Cahaya temaram, dentuman musik yang dimainkan DJ, menghantarkan langkah ini menuju sekumpulan wanita yang sejak tadi menunggu.

"Lama banget, Sel?"

"Berisik. Aku mau langsung senang-senang, gak usah banyak tanya!" jawabku ketus pada Wita.

"Ok, ok. Sebentar lagi ada kejutan untukmu." Leona menimpali.

Mengerutkan dahi sekian detik, menatapnya dengan mata sedikit dipicingkan, lalu mengalihkan pandangan pada botol-botol minuman yang mengoda saliva.

Kuambil wine merah yang telah dipesan wanita -wanita stress ini. Menuangkannya, lantas meneguk tiap gelasnya hingga tandas.

Di sisa kesadaran tubuhku bergerak, meliuk, mengikuti irama musik yang menghentak keras.

"Lihat, Sel. Kejutan untukmu sudah datang," ucap Wita di sela alunan musik yang berisik.

Belum sempat memalingkan wajah ke arah orang yang ditunjuk Wita. Tiba-tiba suara yang kurindukkan sebulan ini menyapu telinga.

"Hai, Sayang ...." Rangkulan melingkar di pinggang rampingku bersamaan dengan sebuah kecupan, membuat diri ini terlonjak, kaget campur geli.

"Bram ...?"

Kesadaran masih menguasai, meski minuman haram telah diteguk berkali-kali. Mudah sekali mengenali pria tampan itu. Dari aroma parfum yang digunakan, serta suara khas beratnya, dia yang pernah berbagi suka juga duka.

"Nakal," Kucubit pinggang pemuda bertubuh atletis itu. Menjatuhkan diri dengan manja ke dekapan dada bidangnya.

"Makin cantik saja," Aksi gombalan pun mulai dilayangkan Bram.

Tangannya membelai rambut panjangku yang tergerai.

Bram menuntunku untuk keluar dari area tarian. Mengambil tempat berdua, menjauh dari teman-teman wanita lainnya.

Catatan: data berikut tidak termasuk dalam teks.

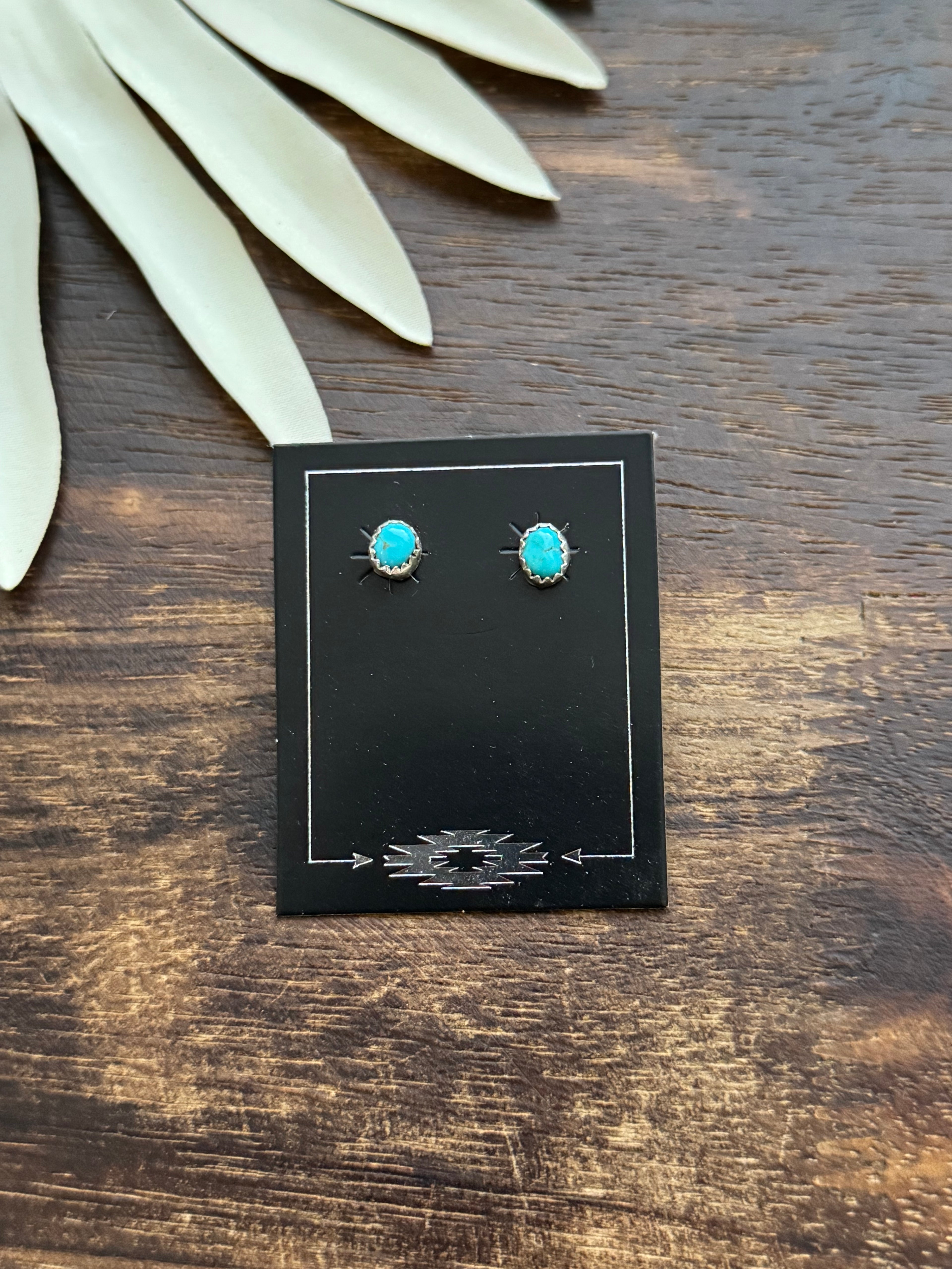 Dorthy Yazzie Kingman Turquoise & Sterling Silver Post Earrings

"Aku masih mencintaimu, Arsela ..., tak peduli kau milik siapa? Yang kuinginkan hanya kau, Sayang," bisik Bram di telingaku. Kecupan-kecupanya menyapu wajah ini.

Derai tawa lepas dari bibirku seraya bergidig geli. Rayuan Bram mampu membawa angan melayang, hanyut dalam sentuhan-sentuhan erotisnya.

Seakan beban yang kubawa dari rumah lenyap entah ke mana. Aku bahagia dengan sikapnya yang mampu memanjakan diri ini.

Menikmati malam dengan sentuhan kasih pria yang masih bertahta penuh di hati. Mereguk indahnya dunia dalam buaian asmara. Mencari kebahagiaan yang tak kudapati bersama Roger.

Malam pun mengakhiri tugasnya. Aku terbangun di sisi pria yang tengah tenggelam dalam ketenangan setelah mereguk kenikmatan bersamaku. Beringsut, mengulurkan tangan hendak meraih pakaian yang berserakan di lantai. Namun, tangan kekar berkulit putih berbulu itu lebih cepat dari gerakanku hingga tubuh ini kembali terhempas di sampingnya.

"Sudah cukup, Bram. Aku harus kembali," ucapku berusaha melepaskan kungkungannya.

"Aku mau sekali lagi," ucapnya sambil mengerlingkan mata. Membenamkan kembali wajahnya di leherku. Lelaki itu kembali melakukan aksi nakalnya. Dia tertawa, melihatku berusaha menghalau, tetapi kemudian meladeni.